简体   繁体   中英

How to import most recent csv file into RStudio

I'm attempting to import the most recent .csv from my working directory into R. Adamant this method was working previously but appears to no longer be.

Each day a .csv file is outputted to my designated folder, from where I import it into RStudio for manipulation. There are 2 files in this folder currently.

Please see code and description as follows:

1) Following code retrieves names of all csv files in directory.

# find filenames of all .csvs in directory 
filenames <- Sys.glob("*.csv")

> filenames
[1] "February 26, 2018 at 03:59PM myfile.csv" "February 26, 2018 at 04:00PM myfile.csv"

2) Next step is to remove redundant info from filename string and just keep date info:

# remove redundant file info  
newdates <- sub("at.*", "", filenames)

> newdates
[1] "February 26, 2018 " "February 27, 2018 "

3) Then I Remove comma from date

# remove comma from date string 
newdates <- gsub('\\$|,', '', newdates)

> newdates
[1] "February 26 2018 " "February 27 2018 "

4) In this step I change the date format

# change to short date format
betterdate <- as.Date(newdates,format = "%B %d %Y")

> betterdate 
[1] "2018-02-26" "2018-02-27"

5) Then I set max(betterdate) as the latest file

# takes latest file name as most recent file 
latestfile <- max(betterDates)

> latestfile 
[1] "2018-02-27"

6) And finally I import this file

# import file with latest date 
 rawfile <- read.csv(file=latestfile, header=TRUE, sep=",")
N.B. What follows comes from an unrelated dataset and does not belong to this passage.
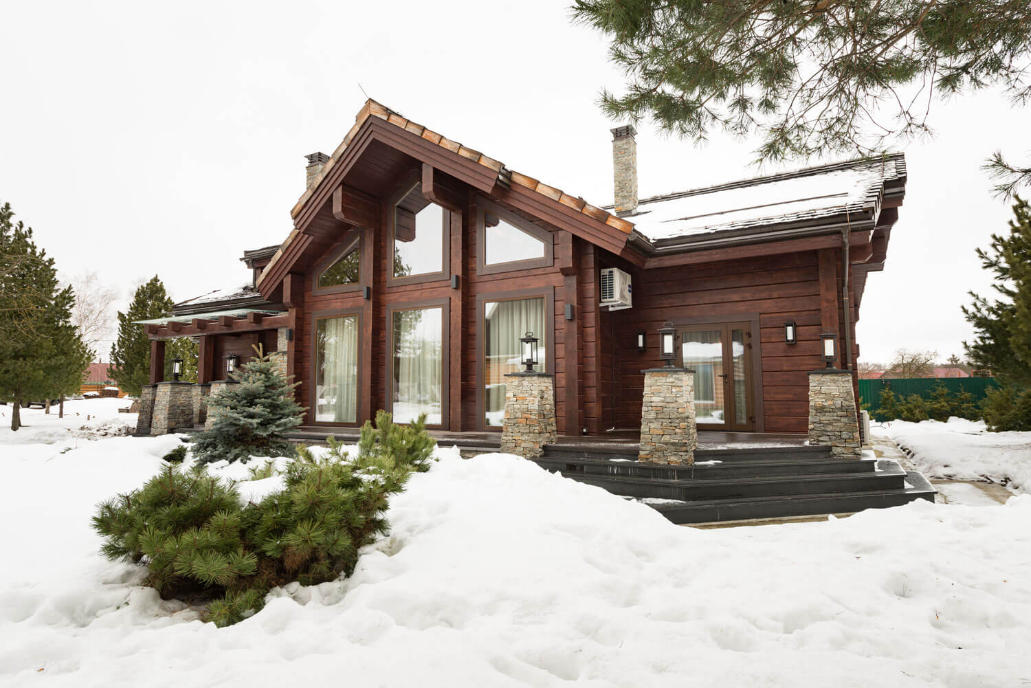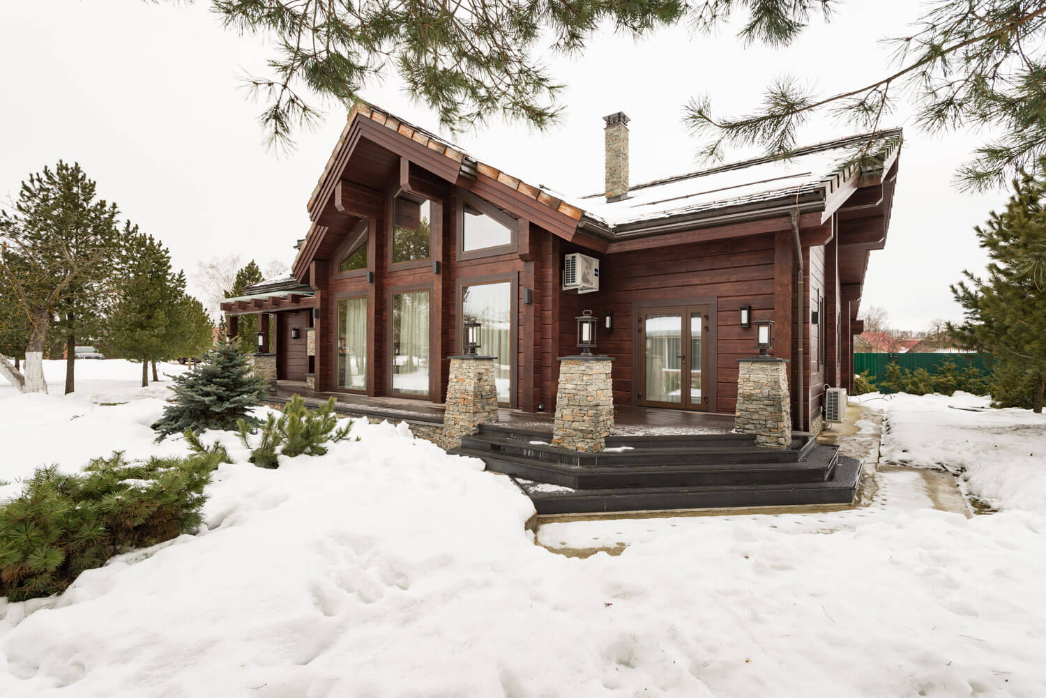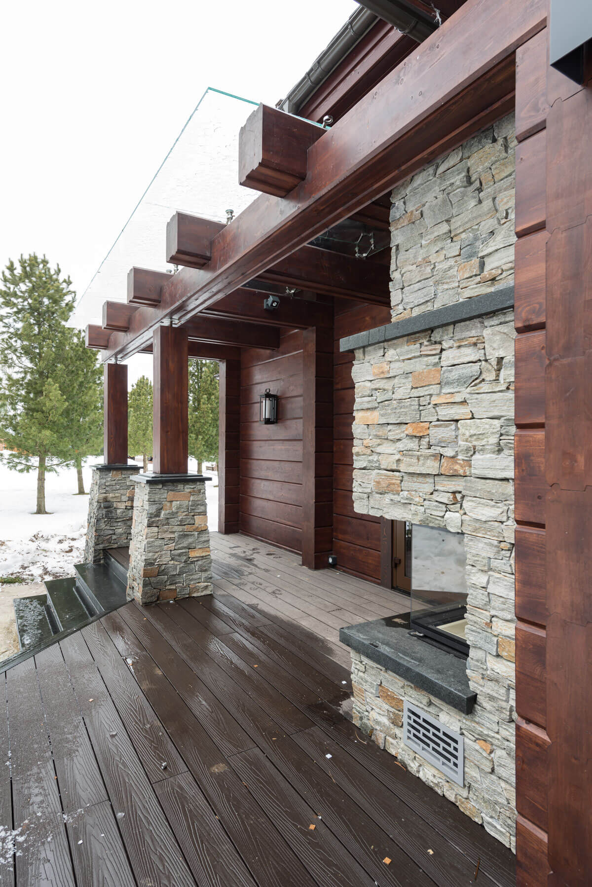 Отличительной особенностью дома стала открытая терраса с фонарными опорами и столбами, облицованными природным камнем.

As I say, previously this inelegant solution was working as designed, however after some weeks I now receive this error message.

Error in read.table(file = file, header = header, sep = sep, quote = quote, : 'file' must be a character string or connection

Is it possible to explain what the issue is and how I might go about this whole endeavour in a better way?

您可以使用which.max来获取最新日期的索引,并使用它来从filenames向量中检索文件filenames

rawfile <- read.csv(file=filenames[which.max(betterdates), header=TRUE, sep=",")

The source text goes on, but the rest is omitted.